Le progrès de l’humanité passe par la levée des hommes contre la manipulation des enfants par des adultes pensant qu’ils ne perçoivent pas la peur de la mort !
L’armée est-elle une famille ?
Quelle famille pourrait envisager d’utiliser ses propres enfants en les sacrifiant
Des familles désespérées, en perte d’éthique, de repères.
Un monde de victimes !
Pour Noël ils auront encore des kalachnikovs ! Quand dynamiterons-nous les ogres aimant la chair fraîche ?
POUR NOÊL, ILS AURONT ENCORE DES KALACHNIKOV !
décembre 2007
Mieux vaut que les enfants fassent l’expérience de la peur et de l’horreur à travers les contes de Grimm et d’Andersen ou les romans de Kipling.
• Quel est le projet de ce patient ? Comment rendre l’autre fou ? A cette échelle comment manipuler des populations entières, dans quelle perspective sociale et politique ?• L’identification (forcée) morbide qu’il propose est présentée comme un apprentissage ludique de la citoyenneté, par la mémoire dans une « relation identitaire » ; c’est un hochet pour ce patient ! Il se méconnaît lui-même pour oublier l’enfance à ce point.
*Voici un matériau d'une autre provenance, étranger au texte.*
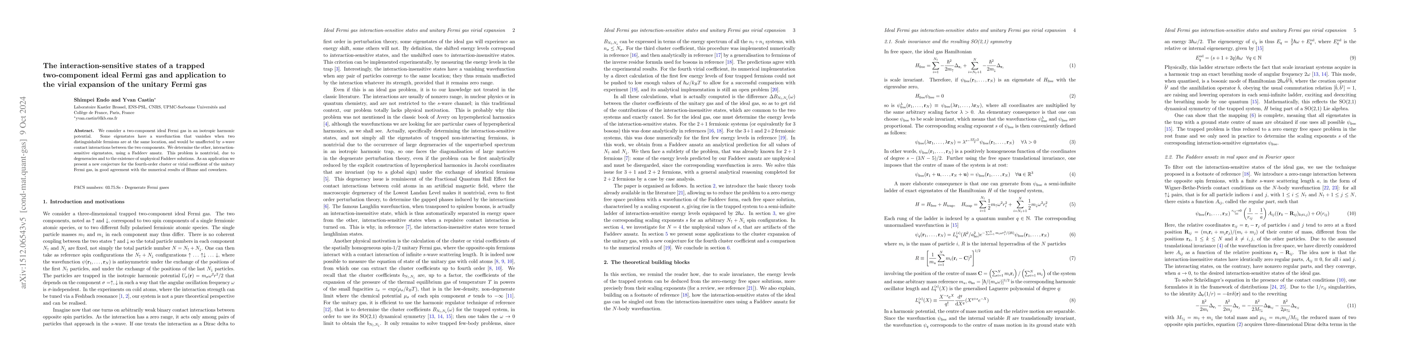 This paper investigates the eigenstates of a trapped two-component ideal Fermi gas, identifying interaction-sensitive states using a Faddeev ansatz. It also proposes a new conjecture for the fourth-order virial coefficient of the unitary Fermi gas, aligning well with numerical results.

S’identifier aux bourreaux ou aux victimes n’est que le cruel caprice de quelqu’un qui fait joujou avec la mémoire, sans savoir ce dont il se souvient. Bien des jeunes ont eu dans leur enfance un ami imaginaire, par solitude ou pour se distraire, par profondeur ou par imagination en tout cas par attrait du merveilleux. Puis est venu le moment longuement médité, où l’on dit adieu à l’imaginaire et où commence la confrontation avec l’autre véritable, vivant qui fixe nos limites et les siennes. Mais comment prendre congé du petit Nassim, du petit Khuc Tan, du petit gavroche, du petit Mohamed, du petit Itsvan sans se sentir épouvantablement coupable ?
Comment l’enfant pourra-t’il s’en détacher sans commencer par haïr ce fardeau que l’école l’a chargé sans lui demander son avis ?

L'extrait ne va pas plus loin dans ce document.